Reading them triggers a boxing, which in turn triggers GC, which violates the spesh no-GC invariant.
jnthn brrt: Where'd you see that one? :) 12:13
I'm not sure whether or not I coined it. :P
dogbert17 jnthn: looks like you opened a can of worms 12:14
jnthn Well, it was already open, I'm just trying to make sure the worms aren't escaping all over our users :) 12:15
brrt in the 2014 advent calendar
your post, in fact
jnthn That S15-nfg/many-threads.t test was very good at shaking them out
brrt damn, is it end of 2016 already?
dogbert17 cool, I'm running make spectest with your latest fixes (1 meg nursery for speed), should I holler if I see any fails or should I wait for more fixes? 12:16
jnthn brrt: Yeah, I was looking for a way to talk about the way that dynamic code tends to have a static execution profile in many cases, and at the same time at $dayjob stuff was having various discussions of eventual consistency, so the term "eventually static" kinda fell out of the intersection of them :-) 12:17
dogbert17: Plesae do :)
dogbert17: I'm about to have lunch
But have S15-nfg/many-threads.t running in a loop inside of gdb
(Stops looping if it panics or SEGVs)
dogbert17 me too :-) so the tests can run while eating
jnthn :) 12:18
bbi30 :)
brrt it's a good pun imho :-) 12:19
brrt wonders if/when we can revive the 'trace spesh' effort
jnthn back 12:57
timotimo wonders about escape analysis, as well as allocation-site measurements 12:58
dogbert17 for me, t/spec/S15-nfg/many-threads.t still fails (MoarVM commit ccafaa4cf8e0b0e1) 13:03
jnthn dogbert17: I'm trying a slightly smaller nursery size now, just to see if I can squeeze anything more out of S15-nfg/threads.t but given it ran over lunch I suspect probably not
Oh :/
dogbert17 let me gdb
nwc10 use more 'lunch' ? 13:04
dogbert17 17 spectests failed during lunch (1 Meg nursery)
as usual I might have made some kind of mistake, I get: Missing or wrong version of dependency 'gen/moar/Metamodel.nqp' (from 'gen/moar/BOOTSTRAP.nqp') 13:07
jnthn Sounds like something didn't get rebuilt
nine dogbert17: it's not you, it's our build system...
dogbert17 what do I need to do; I only dir a 'perl Configure ...' followed my 'make install' from the nqp/MoarVM dir 13:10
s/dir/did/
dogbert17 tries again 13:11
timotimo might want a make clean in rakudo if not a Configure.pl 13:12
dogbert17 timotimo: thx, will try 13:13
timotimo: you were 100% correct, rerunning spectests now with 64k nursery 13:25
dalek arVM: 42655a7 | jnthn++ | src/6model/sc.h:
Remove well-meaning but bogus assertions.

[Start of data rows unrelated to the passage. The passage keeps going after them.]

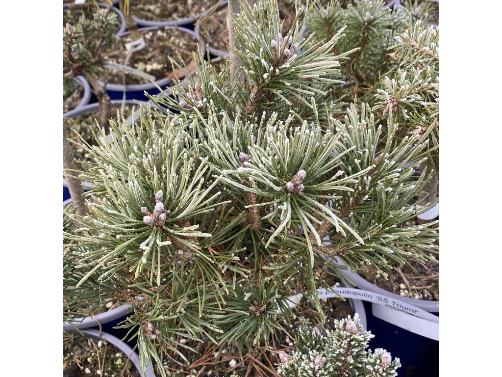 Pinus pseudopumilio ‘SŠ Triumf’ je kompaktní, dekorativní borovice rašelinná, vzniklá ve sbírkách jako selekce druhu Pinus pseudopumilio (blízký příbuzný borovice kleče). Tento kultivar má husté, tmavě zelené jehlice a nízký, často polštářovitý až nízko rozložený tvar, typický pro trpasličí borovicové formy registrované v českých koniferových sbírkách. Růst je velmi pomalý (jen několik cm ročně), takže si dlouhodobě zachovává kompaktní habitus.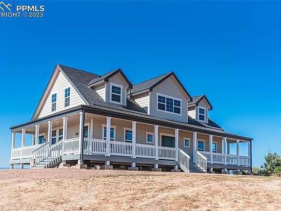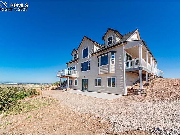 Rare opportunity to own the most phenomenal views in Franktown in this comprehensively remodeled contemporary mountain farmhouse! Outstanding wide-open design, loaded with luxurious amenities, superb functionality & unmatched beauty. The expansive foyer welcomes you into the extraordinary Great Room with stunning unobstructed Front Range & Pikes Peak views, stacked stone fireplace with custom mantel & symmetrical lighted alcoves. Flow seamlessly into the bay-window set dining and the extravagant kitchen with massive soapstone island, custom cabinetry with exotic granite, gas cooktop, wall oven & microwave. Around the corner you’ll love first of two laundry rooms, complete with cabinetry & separate entrance. Even the main-level powder room is decked with custom wall panels & exquisite vanity. The palatial primary suite includes 9 ft ceilings, large private deck, huge walk-in closet, & extravagant bathroom including epic dual-head rainfall shower, soaking tub, gorgeous navy double vanity, surrounded with a light-filled bay window. Upstairs includes two large bedrooms with incredible views, spacious loft overlooking the Great Room with endless possibilities, and a lavish full bath. All set to move-in and thrive--all NEW: front & rear decks, roof, interior paint, carpet, kitchen, appliances, bathrooms, fireplace, outbuilding & more! True separate living quarters with full-functionality in basement including full kitchen, washer & dryer, two bedrooms, living area & gorgeous bathroom, all through a private entrance with new concrete patio. Superb 35-acre lot with fenced pastures, two large loafing sheds, large chicken coop, two storage sheds, and brand new 48x42 metal outbuilding with 12ft RV entrance door, 2x10ft doors, power, LED lighting, 220V-50amp & garage door openers. The ultimate in seclusion & privacy, surrounded by 3200 acres of Harmony Ranch, enabling absolutely peace, quiet & the brightest starlight, all with close access to Castle Rock, Parker, & the Springs.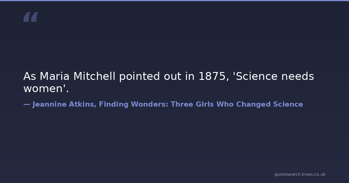 As Maria Mitchell pointed out in 1875, 'Science needs women'.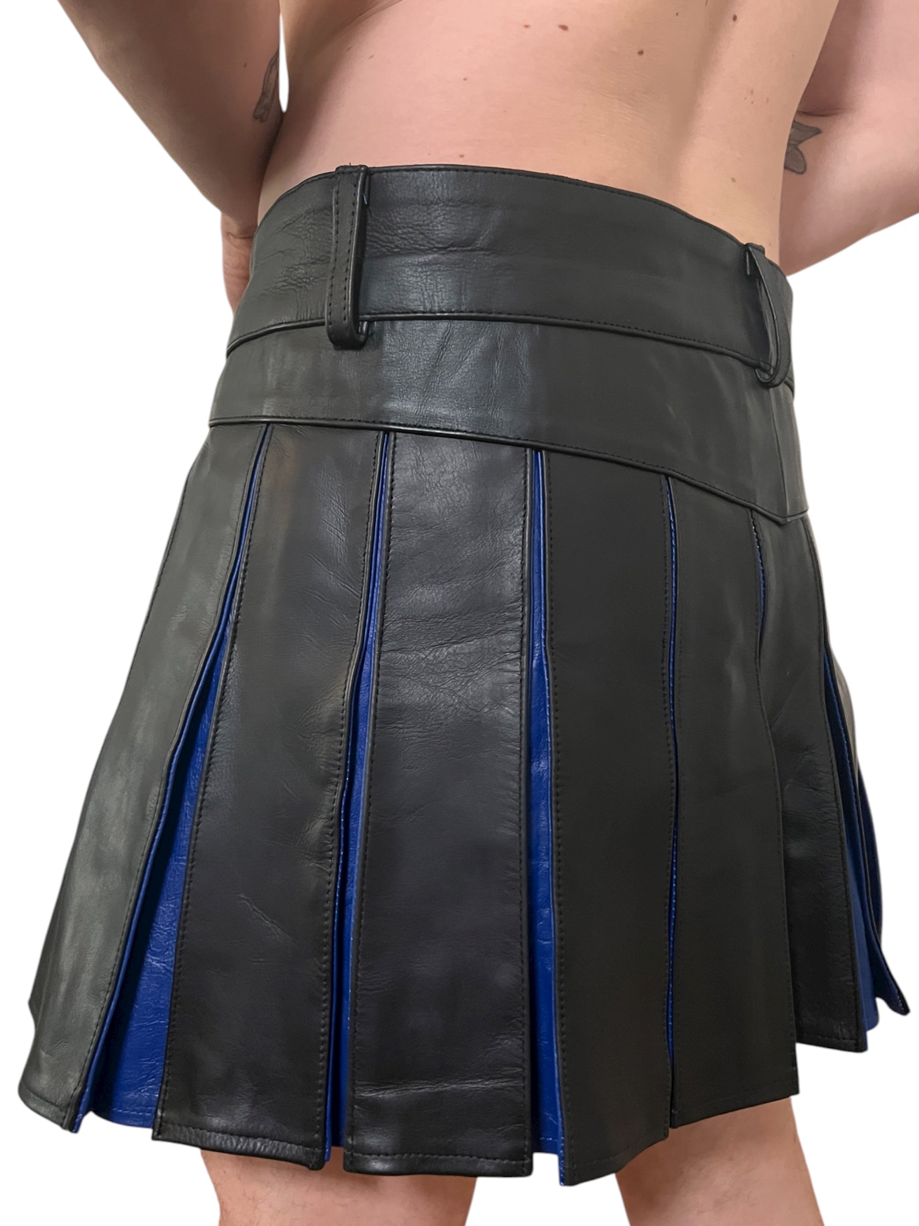 En helt unik kilt i äkta läder eller skinn. Detta fetish plagg är handgjort och sys av våra skräddare eller körsnärer. Detta förkläde är svart och blått. Den finns i två storlekar, XS/S/M och L/XL/XXL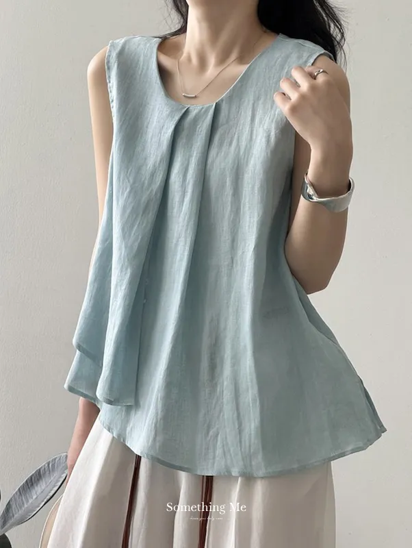 漫步雲間 亞麻褶皺無袖娃娃衫 2色

Our GC is partially concurrent: while the mark phase is certainly done with the world stopped, we sweep afterwards. This means that we may encounter objects whose headers are still marked with the GEN2_LIVE flag, which is cleared after the stop-the-world phase, and that this can happen legitimately.
timotimo i'm glad 13:27
dogbert17 and we can now safely ignore my earlier comment about 17 failed spectests :-)
dalek arVM: e4784c9 | jnthn++ | src/core/interp.c:
Cope with push being used on concurrent queues.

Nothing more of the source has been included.